Puerto Rico's First LGBT Monument Honors Orlando Victims

San Juan mayor Carmen Yulín poses in front of the first LGBT monument in Puerto Rico

Puerto Rico has unveiled its first LGBT monument, which also serves as a memorial to the 49 victims of the June 12 massacre at Orlando’s Pulse nightclub. Most of the people killed were LGBT and Latino, and almost half the victims were of Puerto Rican descent. 

The monument, located in San Juan’s Third Millennium Park, is comprised of seven rectangular columns in rainbow colors, and sits at the entrance to the Sixto Escobar Stadium, reports Spanish-language outlet Noticel. At the base of the monument is a plaque highlighting the names of the 23 Puerto Rican victims killed in the massacre, with the additional 26 victims listed below.

Alongside the names, Spanish text reads:

“This tribute to life strengthens our commitment to fight hate — the product of homophobia — with love and respect.
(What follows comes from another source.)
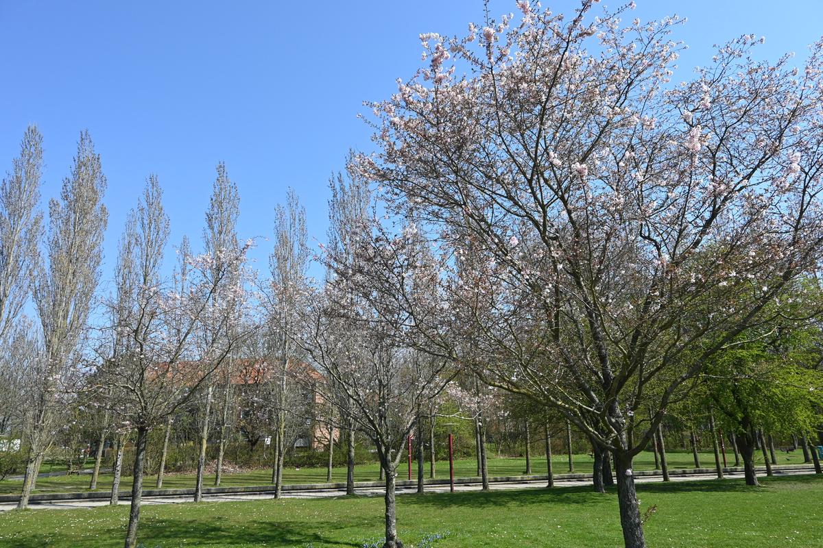 I den vestlige ende af parken, nær vandtårnet, finder du motionsredskaber, legeplads og en lille labyrint. Bevæger du dig længere mod øst, kommer du forbi frugtlunden og nyttehaverne.

Our slogan resounds in all our hearts: Love is love, is love, is love…” 

The final phrase appears to be a reference to Puerto Rican playwright Lin-Manuel Miranda’s speech at the 2016 Tony Awards, just hours after the Pulse shooting, where the straight artist performed a powerful sonnet he had written for the victims of the massacre. 

“Today, we celebrate life,” said San Juan mayor Carmen Yulín (pictured at top) in Spanish at the monument’s inauguration during the capital city’s Pride celebration on June 26. “We must work together to eradicate discrimination and homophobia. We must raise our voice for justice, and the equality of each of us who are human. We must aspire to to have a country where everyone is equal, and no one is judged for who they love.”  

The monument cost an estimated $9,000, funded by city taxpayers, Noticel reports. It was designed by Alberto de la Cruz. 

It was unveiled during the city’s well-attended LGBT Pride celebration, where thousands gathered to march and celebrate — and remember those lost in the Pulse shooting. According to international news agency EFE, Pride participants carried signs that read “We are not whole: 49 of us have been lost,” while others worked photos of the victims into their Pride attire.   

The monument’s dedication took place almost exactly one year after a federal judge in Puerto Rico first ruled in favor of marriage equality. Although an anti-equality judge in Puerto Rico tried to halt that ruling, a federal appeals court determined in April that the U.S. Supreme Court’s June 2015 decision in Obergefell v. Hodges, which brought marriage equality to all 50 states, was also binding in Puerto Rico, an unincorporated territory of the United States. 

CORRECTION: Due to a translation error, an earlier version of this article incorrectly identified the stadium where the monument sits: It is located outside San Juan's Sixto Escobar Stadium. The cost of the monument was $9,000, not $9 million, as originally indicated. The Advocate regrets these errors.